Chief Executive Officers in the U.S. can’t win. First the political class thought they were paid too much in salary, at which point compensation shifted to stock. The idea behind the shift was to align CEOs with shareholders more. The alleged problem was that CEOs succeeded too much on the way to even larger pay packages. Most would celebrate this kind of achievement. Politicians disdain it all the while helping themselves to the proceeds of what they claim to disdain.
In Elon Musk’s case, Tesla’s CEO doesn’t take a salary. All his pay comes in Tesla shares. While enriching his shareholders Musk has become arguably the world’s richest man. "No fair" say politicians. Get ready for him to be hauled before Congress to “explain” himself. Until then, Musk owes a lot in taxes for having had the temerity to do well. The bill varies with report, but supposedly it’s in the $9 to $15 billion range.

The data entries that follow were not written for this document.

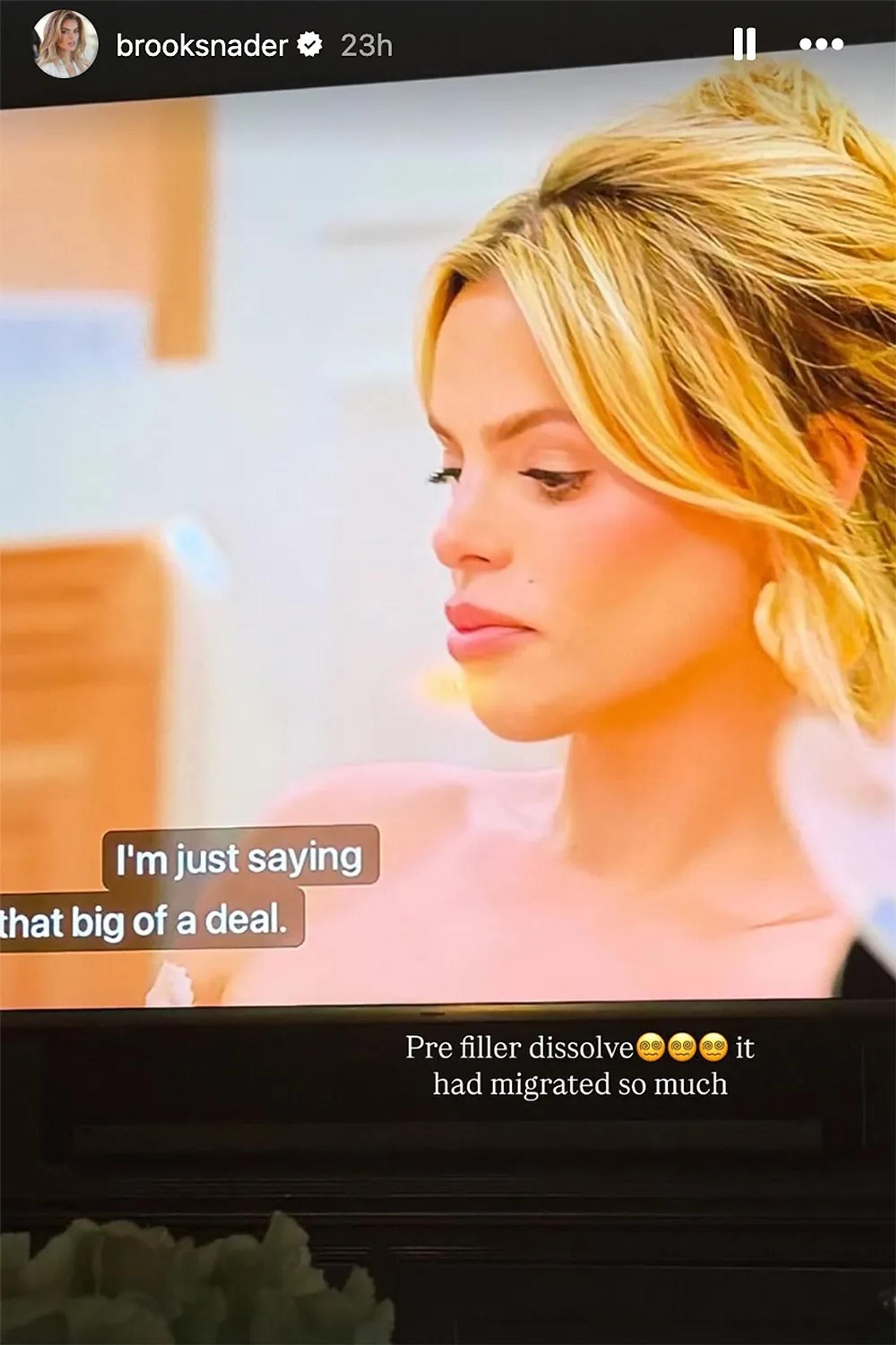 Модель также показала сравнение своего профиля до и после процедуры, отметив, что филлеры сильно мигрировали.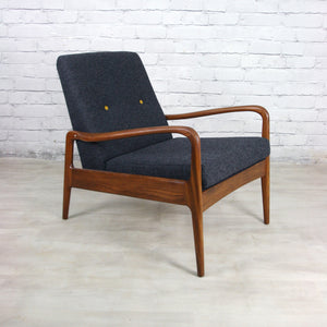 A stunning chair featuring solid teak swooping arms, solid teak tapering legs and gorgeous brand new charcoal upholstery with contrasting buttons.
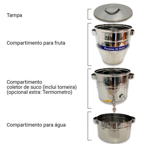 Panela Suqueira para fazer diversos sucos, 100% em inox higiênico (não libera resíduos químicos no suco)!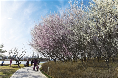 近日,随着气温升高,我市各公园的山桃花竞相开放,市民们纷纷走出家门享受好春光。图为昨日在文瀛湖生态公园,一片盛开的山桃花吸引了游园市民前来观赏。 本报记者 张占兵摄
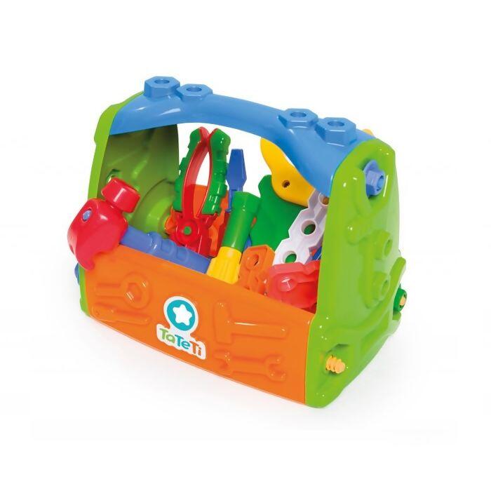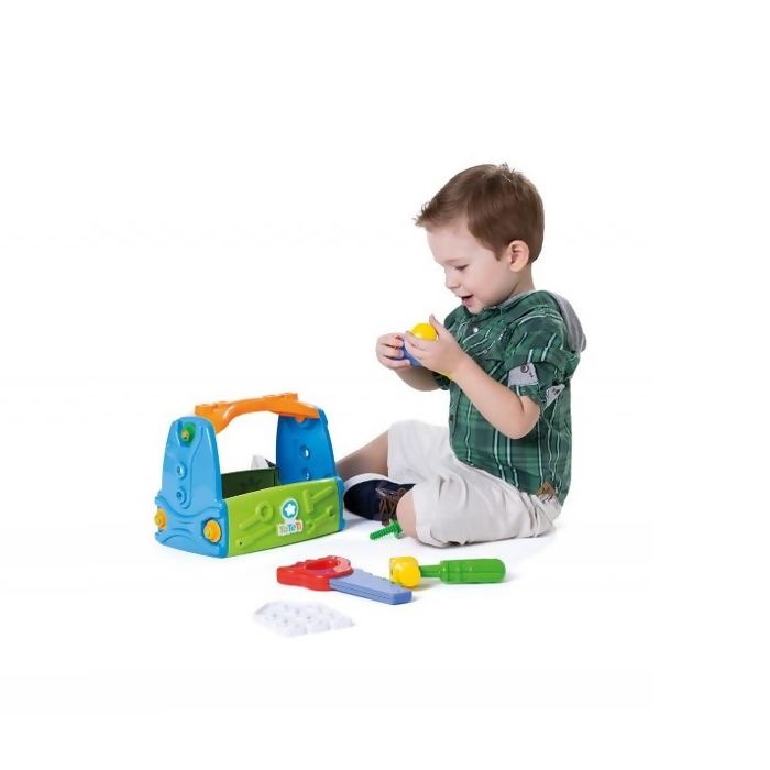 Caixa de ferramentas para criar, montar e desmontar! Estimula a imaginação, o desenvolvimento social, promove a aprendizagem de conceitos ao imitar uma atividade cotidiana e desenvolve o pensamento lógico ao planejar a brincadeira.

Whatever the number, let’s be clear up front that it eviscerates the popular notion on the Left that corporations pay no taxes. As this column made plain several weeks ago, as taxpaying entities corporations are a fiction. Shareholders pay all the taxes. Musk is a large Tesla shareholder. He’s about to hand over billions to Treasury. The owners of corporations pay gargantuan amounts in taxes.
After which, let’s assume for the sake of simplicity and brevity that Musk’s federal bill is $15 billion. From there, let’s go over the economy-sapping economics of Musk sending billions to Treasury. To vivify this it’s useful to reference Nike co-founder Phil Knight’s brilliant 2017 memoir, Shoe Dog. In it, he recalled how “Any dollar that wasn’t nailed down I was plowing directly back into the business.” Every huge, globally prominent business operating today can claim humble origins like those of Nike. Money is endlessly scarce. Please remember this. The $15 billion that members of Congress will carelessly waste would be precious to CEOs for whom every day is a near-death experience in a financial sense.
At which point it’s useful to consider Facebook. Peter Thiel famously purchased a 10% stake in the once nascent social networking company for $500,000. This is the norm. Rarely are the amazing businesses of tomorrow amazing today. Precisely because they aim to disrupt the commercial present, they’re often dismissed. That 10% of Facebook could once be had so cheaply vivifies this truth. Let’s now divide $15 billion by $500,000. If not for Treasury’s long fingers, Musk could direct precious capital to tens of thousands of entrepreneurs eager to experiment with an eye on rushing a much better future into the present. Never asked by self-righteous politicians and thoroughly confused economists (who believe government spending boosts growth) is what businesses are not being funded so that Congress can spend carelessly.
Needless to say, the $15 billion will be spent. Politicians exist to spend. Which means $15 billion that might otherwise have been directed to energetic entrepreneurs will be allocated in politicized fashion. In other words, Musk’s staggering tax bill will enhance the control that Elizabeth Warren, Josh Hawley, Kevin McCarthy, and Nancy Pelosi have over the economy. And it doesn’t stop there.
A dollar spent today by Congress multiplies over time as a consequence of federal spending programs developing political constituencies. Don’t you know, federal spending “creates jobs.” Which means Musk’s billions will set the stage for the introduction of new forms of federal waste that will grow and grow. Don’t worry, the story gets even worse.
Every dollar Treasury collects renders that same Treasury an even better credit risk to global investors. You see, there’s this myth promoted by Left and Right that we have federal “deficits” because Treasury doesn’t collect enough (Left), or because Congress spends more than Treasury collects (Right). No, we have deficits because Treasury takes in enormous tax revenue now, and is expected to collect much greater amounts down the line. Borrowers that can claim enormous revenues now and in the future can borrow easily. In short, Musk’s billions will enable even more borrowing by Treasury; the borrowing an extraction of precious resources from the private sector that will enhance the power that Warren, Hawley et al enjoy over the economy.
Stating what should be obvious, Musk’s remarkable genius will enable substantial growth of political control over the economy, and at the expense of both existing businesses and ones that are merely visions of forward-looking entrepreneurs. The economic growth that won’t happen, the experiments that would otherwise enable little and big leaps in transportation, communication, and health that won’t happen will be unseen. But real they will be. Think Facebook. Think Nike. In the early days for innovative ideas, money is once again precious.
Which brings us to the final tragedy of Musk’s tax bill. Why is it that a government that produces nothing but costs a lot must always enjoy windfalls when the productive oversee great commercial advance? This is a question worth asking, and that will hopefully be asked as Elon Musk is shamefully relieved of $15 billion by politicians obnoxiously promising to make you better off with the money of those who actually do.